Decca's co-presidents Laura Monks and Tom Lewis have told Music Week that their A&R policy is defined by finding artists who can make a connection regardless of their genre or location.
The label asserted its broad church credentials with the recent signing of DIY artist Ellie Dixon, a TikTok star with over 1.1 million followers.
"She’s an incredible talent," Laura Monks told Music Week. "She is of the new generation of artists where they need to understand what we can do for them, and we enjoyed a rigorous discussion process. She felt strongly that Decca was the right label for her and that we could deliver and amplify all of her ideas. So far, the relationship is extraordinary, and we love her as an artist.”

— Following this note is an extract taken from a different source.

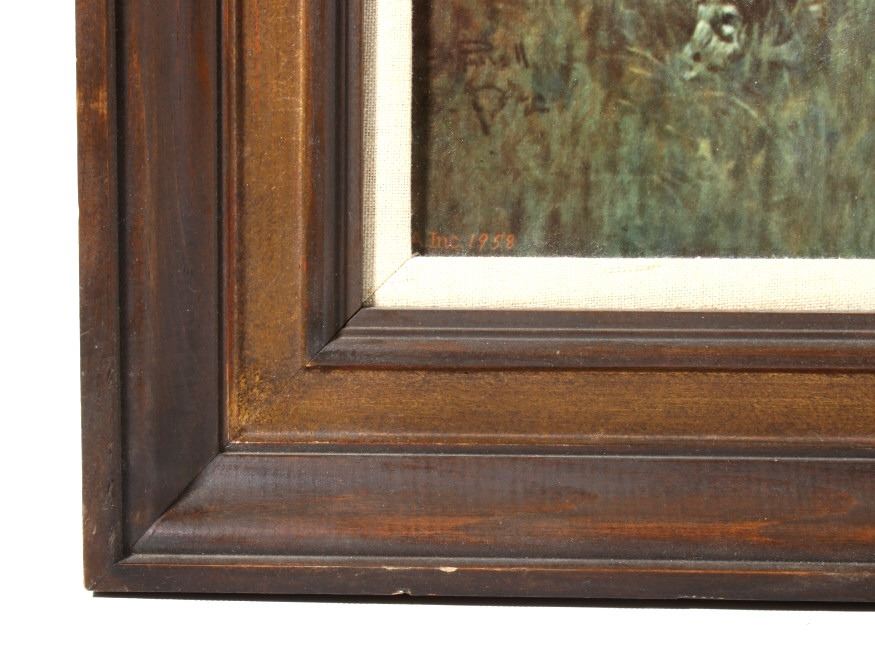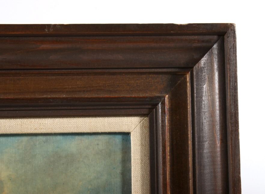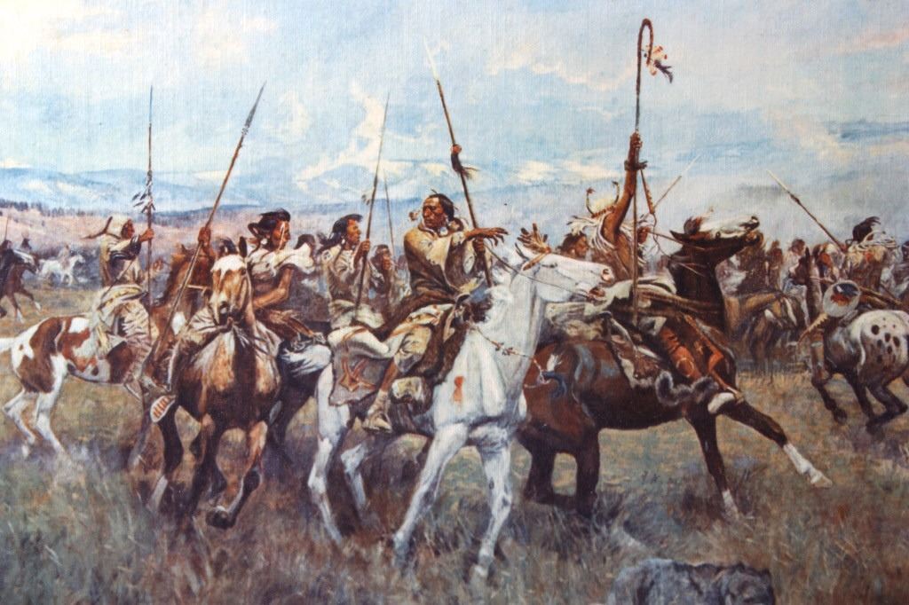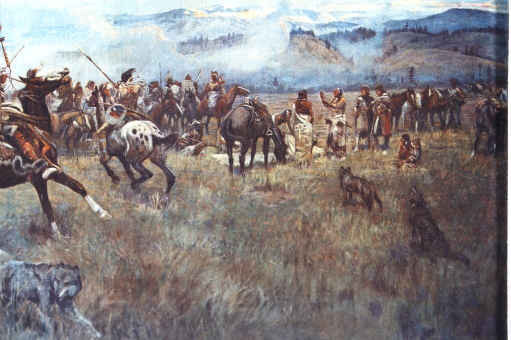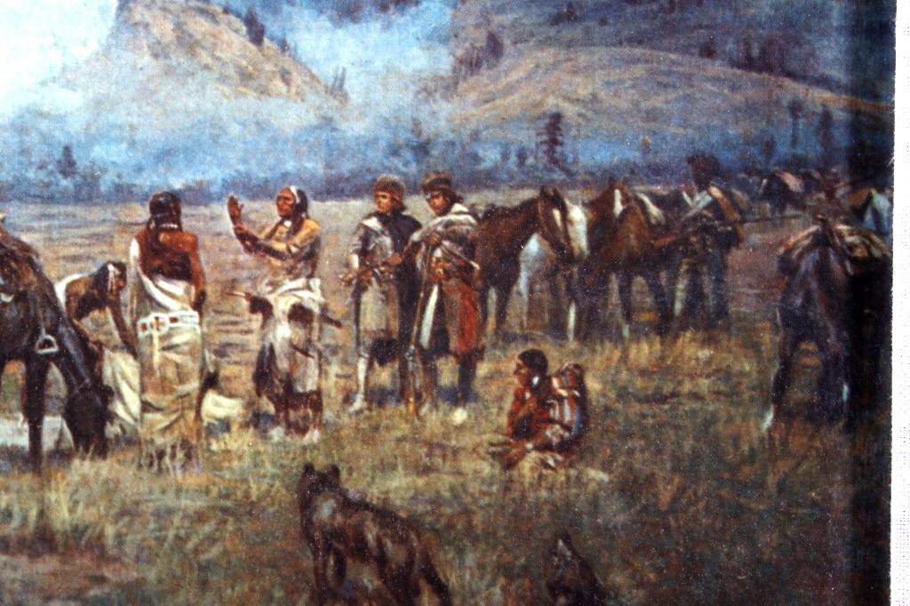 Featured in this lot we have a Charlie Russell G-clay on canvas titled "Lewis and Clark Meeting the Flathead Indians at Ross Hole" circa 1912. The image shows a large group of Flathead Indians all on horse back with a number of dogs or wolves in the foreground with Lewis and Clark on the right side with trading goods. The image shows wonderful detail and color in the piece. The G-Clay is framed with a nice stained oak frame with a plain canvas border. The piece is in good condition overall with some slight wear on the frame. The frame measures 36" wide by 19 3/4" tall.

“Ellie will draw on our best storytelling skills, in terms of the way we develop audiences and communicate digitally," added Lewis. "The other thing I think she will do is take us into new places in terms of confounding expectations about what Decca is, and what it can be, which is always a good thing. She’ll stretch us, but equally, I hope that we’ll stretch her, and it will be a symbiotic relationship. When we’re signing people, as long as they keep stretching us and grow our experience and expertise, then that complements what we’re trying to achieve. As a label, we want to get bigger and bigger, and to become more and more successful, and more influential.”
Earlier this year, Decca also signed the Downton Abbey duo of Michelle Dockery and Michael Fox, while other hotly-tipped prospects include Rhys Lewis and Jeremy Loops. Decca artists will also both open and close the BBC Proms, with British-Italian tenor Freddie De Tommaso performing on the opening night, and cellist Sheku Kanneh-Mason and soprano Lise Davidsen being soloists on the last night.
"We have everything from solo piano music to blues to an electronic album coming up," said Monks. "Anything goes, as long as it can attract an audience. Decca is really a group of labels: we have core Decca, then Mercury KX, which is a modern, contemporary classical label, but leaning in on electronica. We also have Decca Classics. It’s a smorgasbord of musical fantasticness.”
While the Universal label has a strong heritage in classical and jazz, the duo have told Music Week they will consider artists from across the musical spectrum if they can make the right impact.
We’re not after a quick smash and grab, we’re after building careers
“We look for people that make you go, ‘Wow, what did I just see? What did I just hear?’ And we know that they can make a powerful connection," explained Monks. "So whether that be with an online audience, in the world’s greatest concert halls, or in a small gig venue down the road in London, we just need to know that they can connect with people and bring magic. But it has to have that ‘wow’ moment, with the inquisitive factor of something that’s maybe just a little bit offbeat.”
“It’s people who just make us draw breath," added Lewis. "A brilliant example of that is Jacob Collier, who is just jaw-dropping in terms of the way he thinks, operates and galvanises audiences globally.”
Although Ellie Dixon rose to prominence on TikTok and Ludovico Einadui also made an impact on the platform, Monks and Lewis say their signings are not driven by capitalising on current trends.
"What role does TikTok play in our A&R strategy? Interestingly, I don’t think very much," suggested Lewis. "We’re not after a quick smash and grab, we’re after building careers. A nice illustration of this is that we’ve been working with Aurora for six or seven years, and she’s been building a global platform. Last year, TikTok became incredibly important for her. But it was complementing our existing artist development, it wasn’t the sole basis.”
Monks added that data alone would not make the decision for the label to sign an artist.
“We don’t sign based on numbers, we sign based on talent and vision," she explained. "We sign artists that can challenge us and yes, some of them may have online followings, or have had viral moments. But we are there to help them succeed, whether it be them thinking about NFTs, or how they can best communicate with their audience. If we were only signing for numbers, we wouldn’t be here now.”